The greater our need, the more important it is to draw near to Him.”
Or (on the Reformation spectrum) Calvin:
I have always been exceedingly delighted with the words of Chrysostom, “The foundation of our philosophy is humility”;
And still more with those of Augustine, “As the orator, when asked, What is the first precept in eloquence? answered, Delivery: What is the second? Delivery: What the third? Delivery:
So, if you ask me in regard to the precepts of the Christian Religion, I will answer, first, second, and third, Humility.”
By humility he means not when a man, with a consciousness of some virtue, refrains from pride, but when he truly feels that he has no refuge but in humility.
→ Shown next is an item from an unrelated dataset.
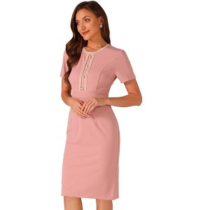 Allegra K Women's Work Business Round Neck Tweed Trim Short Sleeve Sheath Dress - 1 of 4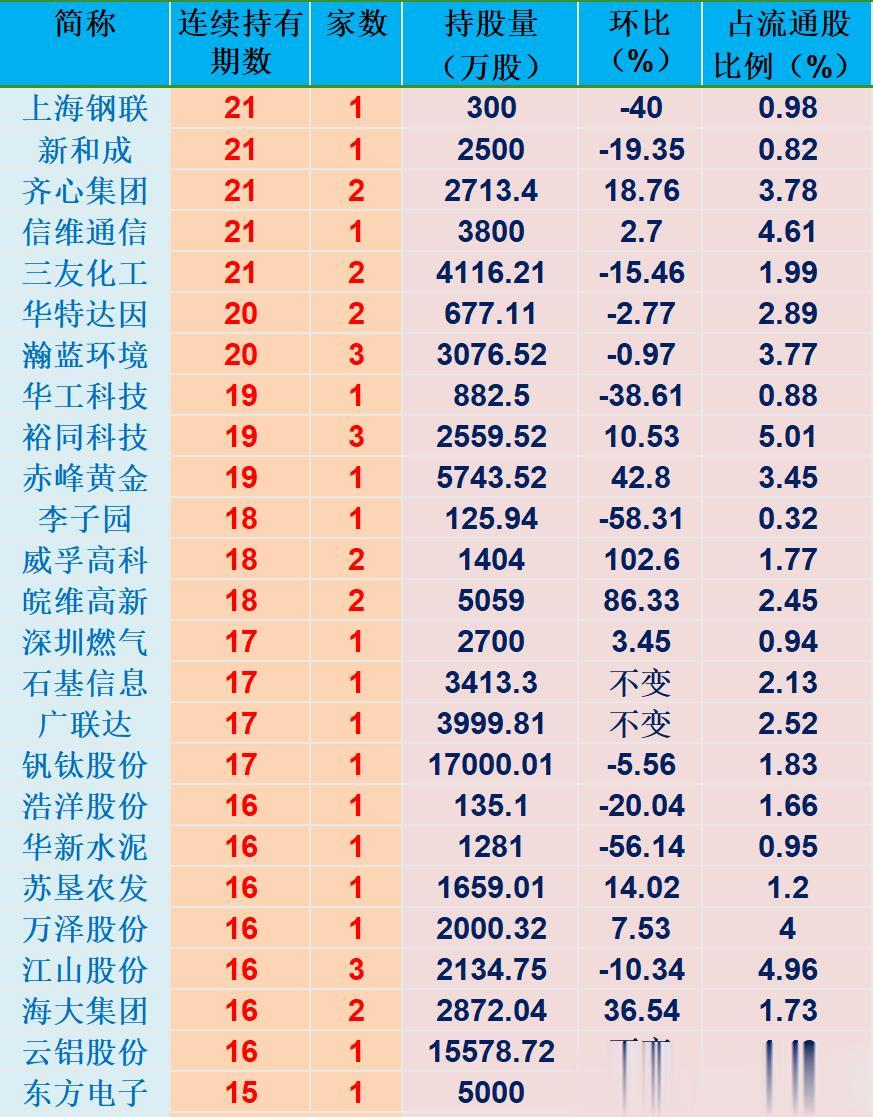 24. 中旗股份:连续持有22期,合计228.85万股,占流通比例0.67%;

Or Ignatius of Loyola (on the counter-Reformation end of the spectrum):
The third is most perfect Humility; namely, when—including the first and second, and the praise and glory of the Divine Majesty being equal—in order to imitate and be more actually like Christ our Lord, I want and choose poverty with Christ, poverty rather than riches, opprobrium with Christ replete with it rather than honors; and to desire to be rated as worthless and a fool for Christ, Who first was held as such, rather than wise or prudent in this world.
And the list goes on testifying to our continual need of vital humility in order to endure the slings and arrows of an outrageous fortune, in Shakespeare’s words; or, in Paul’s the “flaming arrows” of τοῦ πονηροῦ which not only strike our hearts but set them on fire.
And Why?
Because this is, somehow, our counter-technique?
No, not a technique.
This is a reality. This is the “mind (nous, in Greek) of Christ”—
The only One Whose heart was truly meek (πραΰς) and lowly (ταπεινὸς);
Who emptied Himself (ἐκένωσεν), taking the form of a slave;
Who lived as a servant to all and humbled Himself (ἐταπείνωσεν) becoming obedient unto death, even the death of the cross.
In the words of Melito of Sardis (late 2nd c.), the Creator of the Universe, Who hung the stars in the sky is now hanging upon the cross.
And as Gregory so rightly says, one drop of His blood recreates the cosmos.
In bringing this to a close, we could say that there is something about this great anti-virtue of humility that not only tears down our inner, pharisaical techniques towards righteousness but also dismantles and banishes the principalities and powers (ἀρχάς & ἐξουσίας) of this age, opening us up to the vivifying Reality of the Kingdom of God.
Or, as one physician recently commented, which synthesizes all of this into one sentence, bringing it into the present moment:
“I wonder if our greatest weapon is our own weakness and our greatest weakness is our own pride.”
May the Lord work this understanding into the experiential depths of our person hour by hour.